Wednesday, October 12, 2011

Clarissa, or, The History of a Young Lady


       This novel written by Samuel Richardson, was published in 1748. It is written in epsitolary style. This style had just started to be in fashion. It was this writer who used it for the first time in "Pamela, or Virtue Rewarded" published eight years before "Clarissa, or, The History of a Young Lady".

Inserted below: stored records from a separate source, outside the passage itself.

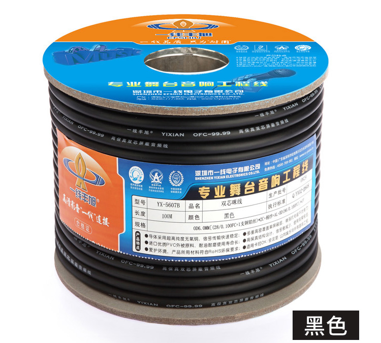 YX-5607B | OD6.0MM[(28/0.10BC+1支铜铂丝)x2C+棉纱+AL+BD(96/0.10BC]x1F 2x0.24mm² | 米 | 100 | 纸盘 |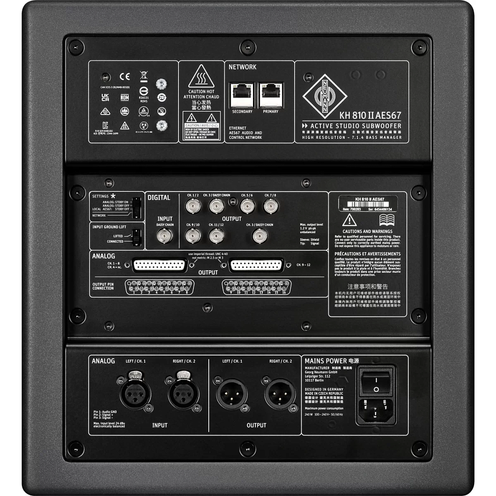 Профессиональные студии все чаще переходят на форматы иммерсивного аудио (Dolby Atmos, Auro-3D) и используют современные сетевые технологии Audio-over-IP (AoIP). Neumann KH 810 II AES67 — это не просто сабвуфер, а мощный активный DSP-контроллер, созданный специально для решения этих новых задач. Он представляет собой бескомпромиссное сочетание глубоких, чистых низких частот и передовых возможностей многоканального управления, необходимых в самых требовательных конфигурациях — от высококлассных систем стерео до полноценных иммерсивных установок формата 7.1.4.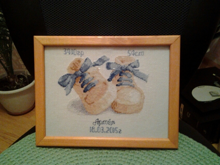 Чай очень нежный. Метрика с зайчишками такая забавная! А пинеточки - такие хорошенькие и очень нарядно выглядят на блестящей канве.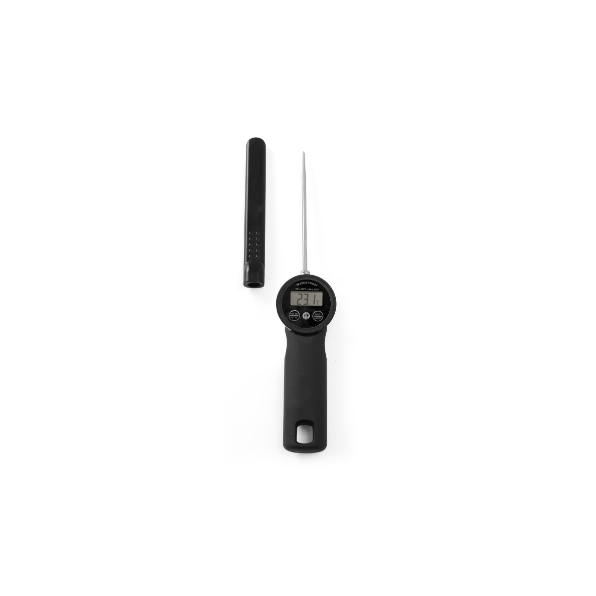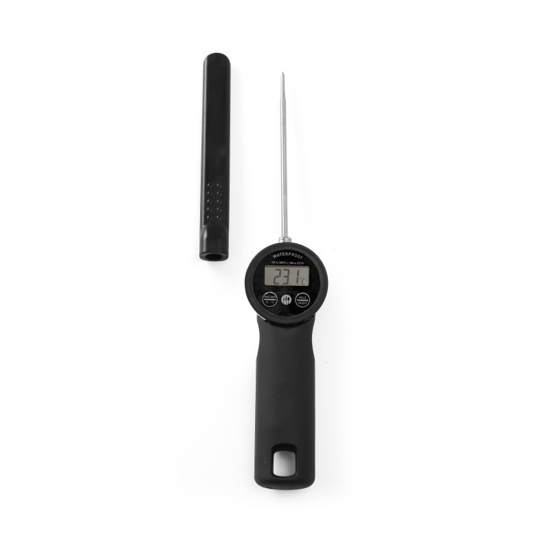 Resistente all`acqua. Misurazione da -50°C a +300 °C Risoluzione 0,1°C tra - 19,9 e 199,9 °C, per altre temperature 1°C. Precisione 1°C tra - 20 e + 100 °C, per altre temperature ± 2°C. Funzione di mantenimento momentaneo della misurazione. Sonda in acciaio da 120 mm. Misura la temperatura in un secondo. Custodia con manico ergonomico. Si spegne automaticamente dopo 10 min. Batteria inclusa.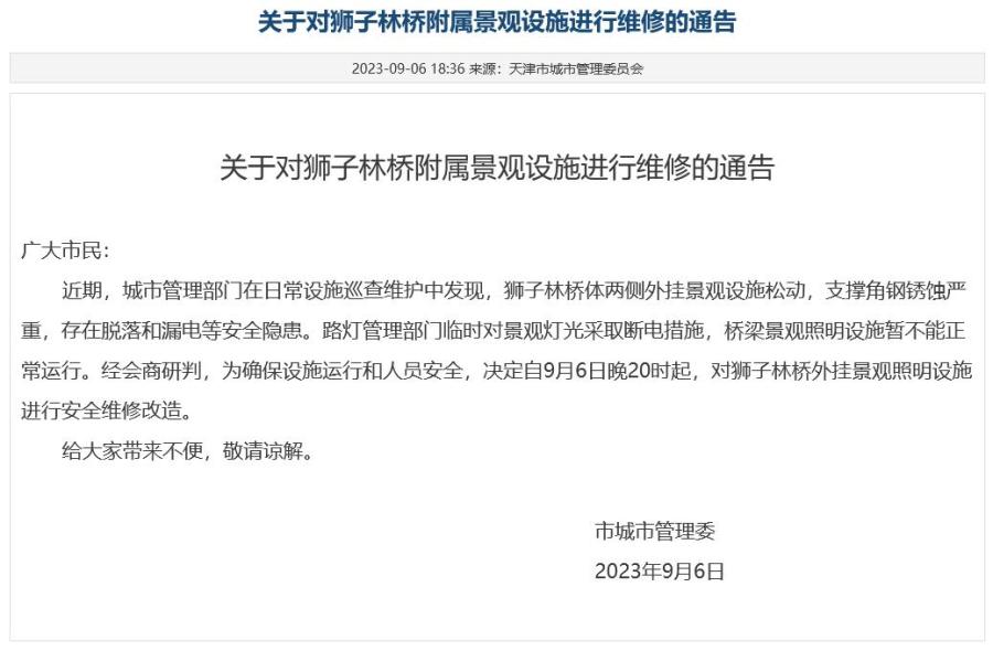 中新網9月7日電 6日,天津市城市管理委員會發出通告,對獅子林橋附屬景觀設施進行維修。天津市城市管理委表示,近期,城市管理部門在日常設施巡查維護中發現,獅子林橋體兩側外掛景觀設施松動,支撐角鋼銹蝕嚴重,存在脫落和漏電等安全隱患。路燈管理部門臨時對景觀燈光采取斷電措施,橋梁景觀照明設施暫不能正常運行。經會商研判,為確保設施運行和人員安全,決定自9月6日晚20時起,對獅子林橋外掛景觀照明設施進行安全維修改造。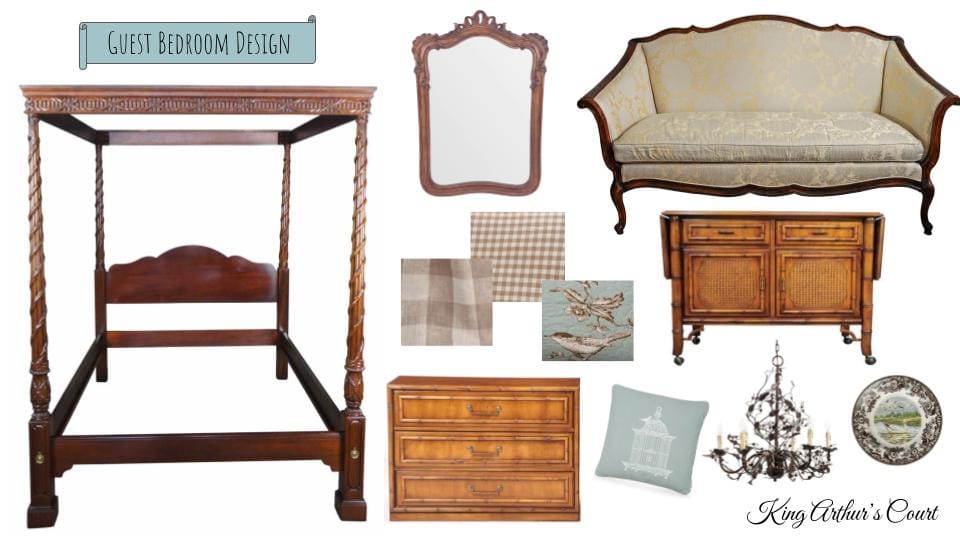 The ornately-carved canopy bed will be flanked by nightstands, or rather a repurposed dresser to one side and a repurposed buffet to the other. With a faux bamboo motif, the two pieces are quite similar in appearance. The width and depth of each is perfect, though a disparity in the height will need to be rectified by adding “feet” to one.

        The Enciclopedia Britanica defines the epistolary novel like: "a novel told through the medium of letters written by one or more of the characters. Originating with Samuel Richardson’s Pamela; or, Virtue Rewarded  (1740)".
"The advantages of the novel in letter form are that it presents an intimate view of the character’s thoughts and feelings without interference from the author and that it conveys the shape of events to come with dramatic immediacy. Also, the presentation of events from several points of view lends the story dimension and verisimilitude. Though the method was most often a vehicle for sentimental novels, it was not limited to them. Of the outstanding examples of the form, Richardson’s Clarissa (1748) has tragic intensity, Tobias Smollett’s "Humphry Clinker" (1771) is a picaresque comedy and social commentary, and Fanny Burney’s "Evelina" (1778) is a novel of manners"
 http://www.britannica.com/EBchecked/topic/190331/epistolary-novel


1 comment:

  1. Humphrey Clinker! Odio esa novela! (salgo corriendo por los pasillos cada vez que oigo ese nombre). Y eso que HC no aparecía hasta la mitad y era el único que no te daba la vara con sus cartas.